Ann. Geophys., 28, 1923–1934, 2010
© Author(s) 2010. This work is distributed under
the Creative Commons Attribution 3.0 License.

ANGEO Communicates 25 Oct 2010

ANGEO Communicates | 25 Oct 2010

Recent changes in measured wind in the NE Atlantic and variability of correlation with NAO

P. A. Pirazzoli1, A. Tomasin2, and A. Ullmann3 P. A. Pirazzoli et al.
  • 1CNRS – Laboratoire de Géographie Physique, 1 Place Aristide Briand, 92195 Meudon cedex, France
  • 2ISMAR-CNR, Venezia and Dipartimento di Matematica Applicata, Università "Ca' Foscari", Venezia, Italy
  • 3Centre de Recherches de Climatologie, Université de Bourgogne, BP 138, 21004 Dijon cedex, France

Abstract. The paper deals with wind measurements, recorded since the 1950s, at twelve meteorological stations along a transect near the westernmost European border, between 64° and 44° N. Extreme wind speed tends to decrease sharply near the northern boundary (at Reykjavick), near the middle of the study area (at Shannon and Valentia) and near the southern boundary (at Brest and Cap Ferret), to increase at Thorshavn, with less significant trends at the other stations. Average wind speeds confirm the above tendencies, with an additional increasing speed at Lerwick, Kirkwall, Malin Head, Belle-Ile and Cap Ferret.

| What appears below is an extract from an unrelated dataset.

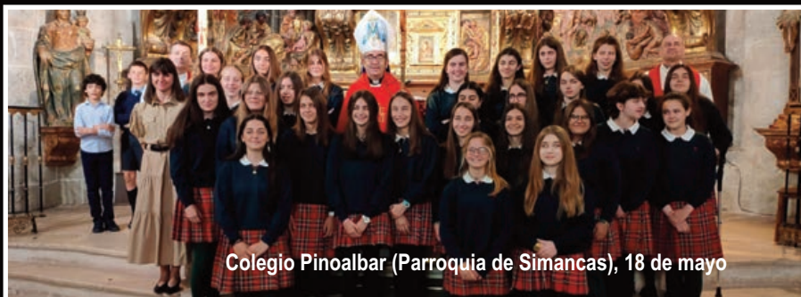
Colegio Pinoalbar (Parroquia de Simancas), 18 de mayo
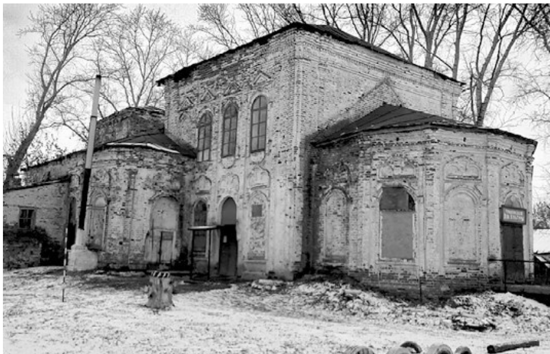
Курмыш. Храм прапрадеда

О селе Бортсурманы нельзя рассказывать мимоходом: это место, в котором скрестилось для меня всё, что связано с представлением о Руси, о глубинке, о прошлом, о Родине, об истоках – о чём-то бесконечно родном, корневом, кровном, нутряном, отеческом, нашем. Надо было проехать каких-то 25 километров, чтобы окончательно отменилось время. Я попала в картинку из хрестоматии, из книжки с названием «Русь изначальная», в Землю обетованную, откуда мы все приходим. Представьте себе: зелёные просторы, деревенские домики, околицы, козы, петухи, и дорога, и холм вдалеке, и белоснежный храм на холме – невозможно прекрасный. Я словно возвращалась домой после долгой разлуки – это чувство узнавания, его нельзя ни с чем перепутать. Я была абсолютно очарована и взволнована, но даже не могла предположить, какое новое потрясение ждёт меня здесь.

To compare changes in wind activity, the data have been subdivided into three periods: until 1975, 1976–1992 and 1993–2008. Frequencies have been computed also for the "winter" (October to March) period, per quadrants, and for occurrences exceeding the speed of 15 m s−1.

At Reykjavick a recent increase in the frequency of strong winds has occurred from various directions. Between 62° N (Thorshavn) and 59° N (Kirkwall) strong wind has been increasing since 1975. Minor changes can be observed at Stornoway, whereas at Malin Head the greatest increase for southerlies and westerlies is observed during the 1976–1992 period. At Belmullet, the frequency of strong southerlies has almost doubled since 1992, while at Shannon and Valentia it remains quite low. Finally at Brest and Belle-Ile, westerlies are predominant among winds >15 m s−1.

Important changes in time and latitude appear in the correlation with the NAO (North Atlantic Oscillation) index. The highest correlation coefficients, calculated with monthly or seasonal means between the early 1950s and 1975, are observed from between 58° N (Stornoway) and Iceland, whereas low positive coefficients are reported more south. During the period 1976–1992, when increasing NAO index is predominant, positive correlation improves southwards as far as 54° (Belmullet) with some improvement also at Shannon and Valentia, while it remains low or even negative near the French Atlantic coast. Finally in the 1993–2008 period, correlation improves for all the stations south of 54° N (Belmullet), while it weakens more north.